Extended Data Figure 5. Model of replication dynamics and treatment effectiveness in the viral reservoir fitted to the data

The model is fitted to the total inferred average body counts of free virus particles (green line), infected CD4+ T cells (orange line) and virus bound to the follicular dendritic cell network of B cell follicles (grey line). a, Demonstrates the dynamics over the first 200 days of treatment. Note that early on during antiretroviral therapy, HIV-1 RNA in plasma declines more rapidly than virus bound to the follicular dendritic cell network of B cell follicles. Circles demonstrate average data from the 3 patients discussed in detail in this study and an additional 9 patients presented elsewhere. Where the average value was indeterminate because of test sensitivity, the data are fitted below the upper limit of the average log₁₀ infectious units. b, Demonstrates the dynamics over a longer period. The model predicts the persistent low-level viral RNA in plasma. The diamond symbol represents data relating to the long-term persistent virus, as measured using quantitative reverse transcription PCR (see Methods). The optimal model fit parameters are presented in Supplementary Table 1.

Figure 1. Time-structured phyloanatomic history of haplotypes in lymph nodes and blood

MCC phylogenetic trees constructed from the complete alignments of the haplotypes from the Gag region of HIV-1 for subjects 1774, 1727 and 1679 with all haplotypes (a, b and c, respectively) and with the haplotypes containing G-to-A hypermutations removed (d, e and f, respectively).

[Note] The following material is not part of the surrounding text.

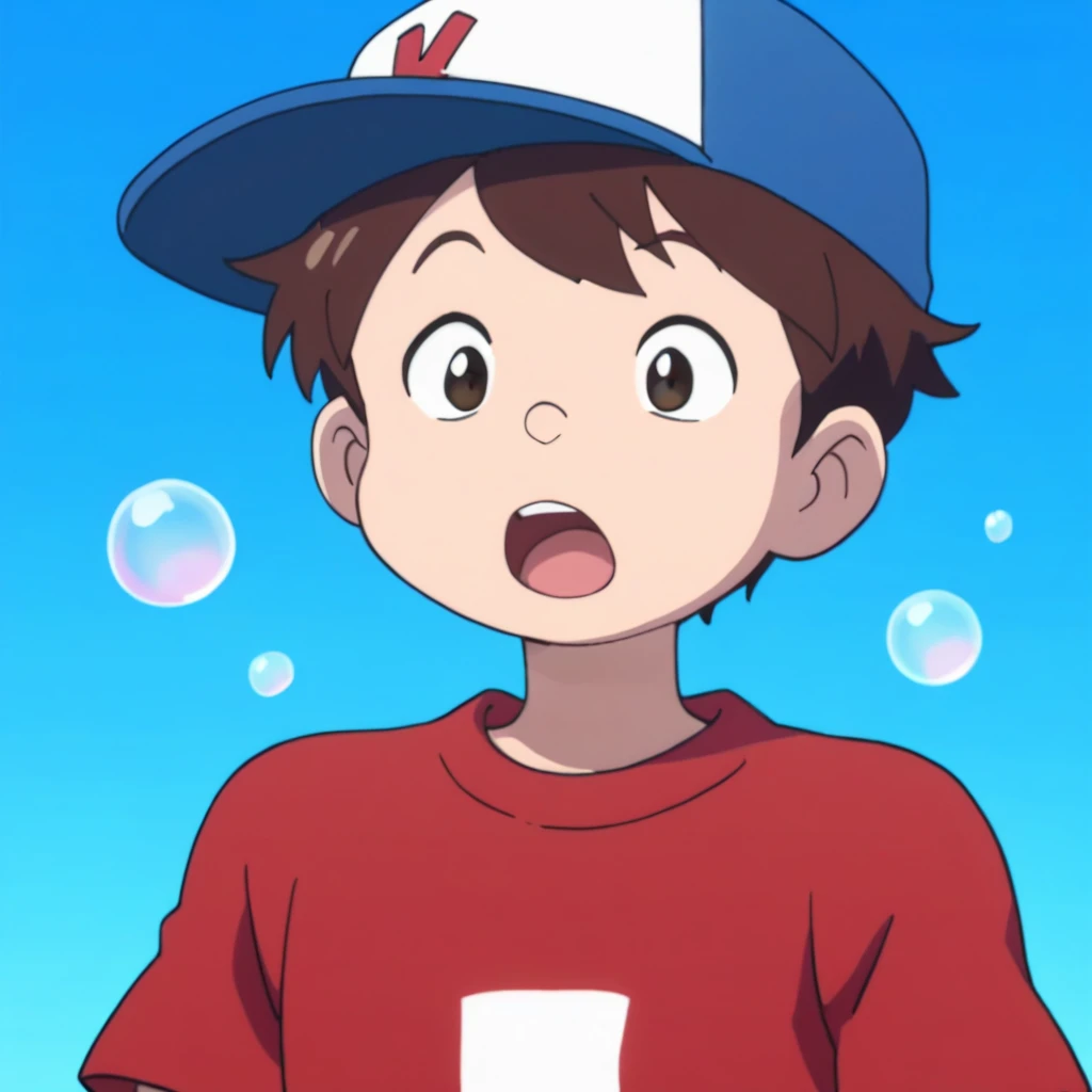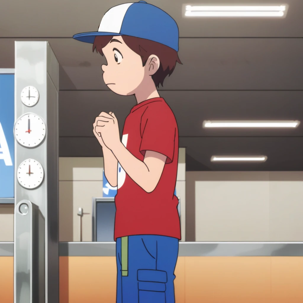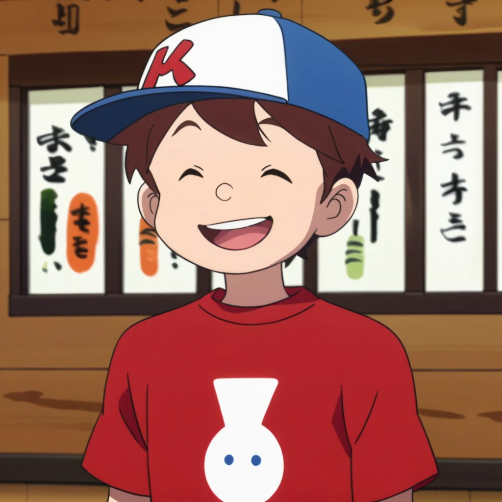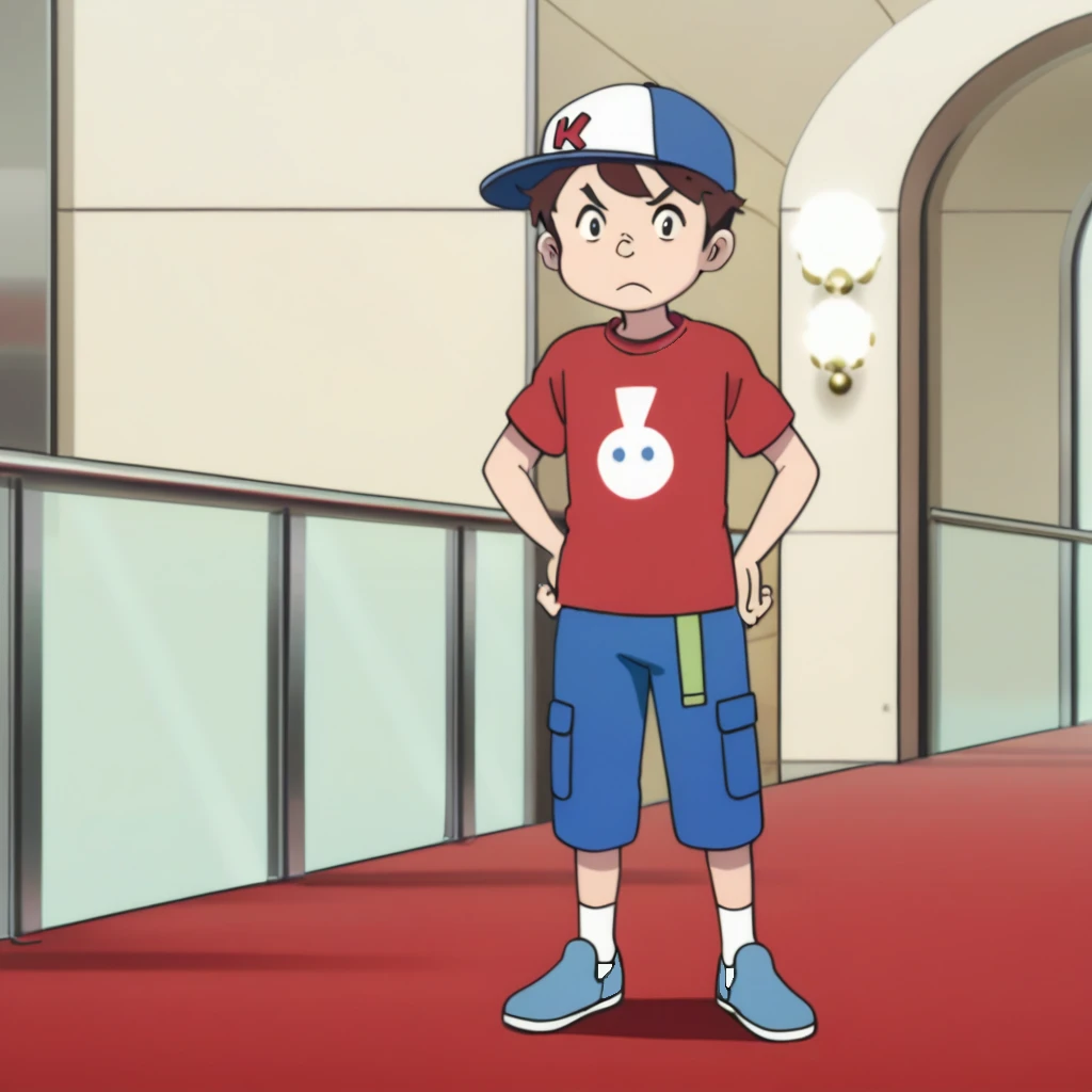 Prompts: male, brown hair, baseball cap, black eyes, red shirt, print shirt, short sleeves, shorts, white socks, light blue footwear

Branch colors represent the most probable (modal) anatomic location of their descendent node inferred through Bayesian reconstruction of the ancestral state, along with the posterior probabilities for the location of their parental nodes.

Figure 2. Cartoon illustration of the drug concentration-dependent spatial model

In the main compartment (i=0; the majority of lymphoid tissue and the blood) drug concentration is high (grey and red). In the sanctuary site (i=1; a small fraction of the lymphoid tissue and localized extracellular fluid) drug concentration is low (pink). There are uninfected cells (X_i), long-lived infected cells (Y_i), and short-lived infected cells (Q_i), as well as virus particles (V_i) that can be bound by few (F_i) or many (G_i) receptors on the follicular dendritic cell network. The dashed lines represent the effect of treatment in blocking infection and production of infectious virus particles. For graphical simplicity, we do not show the emergence of drug resistance, the production of noninfectious virus particles, virus clearance, nor cell death.

Figure 3. Drug-dependent fitness landscape

Effective reproductive numbers for drug-sensitive (R_S, orange line) and partially drug-resistant (R_R, blue line) strains are driven by the effective drug concentration of a single drug in the relevant compartment. Grey lines mark thresholds separating three possible outcomes. When effective drug concentrations are low, the benefit of drug resistance does not overcome the fitness cost of mutations and drug-sensitive strains dominate. This ceases to be true at intermediate effective drug concentrations and drug-resistant strains dominate. At high concentrations, both R_S and R_R fall below one (red line), neither strain can grow and virus replication is halted.

Figure 4. Modelling replication dynamics and treatment effectiveness in the viral reservoir

In the main compartment, antiretroviral therapy is wholly effective against drug-sensitive virus (z₀ = z̃₀ = 1). In the sanctuary site, a, low treatment effectiveness (z₁ = z̃₁ = 0.3) favors drug-sensitive strains. Partially drug-resistant strains will exist, but at levels below those favoring stepwise evolution towards a fully drug-resistant strain. b, Intermediate treatment effectiveness (z₁ = z̃₁ = 0.6), favors partially drug-resistant virus at levels that may suffice for evolution towards a fully drug-resistant strain. c, high treatment effectiveness (z₁ = z̃₁ = 1) favors the decline of all strains and the cessation of virus replication.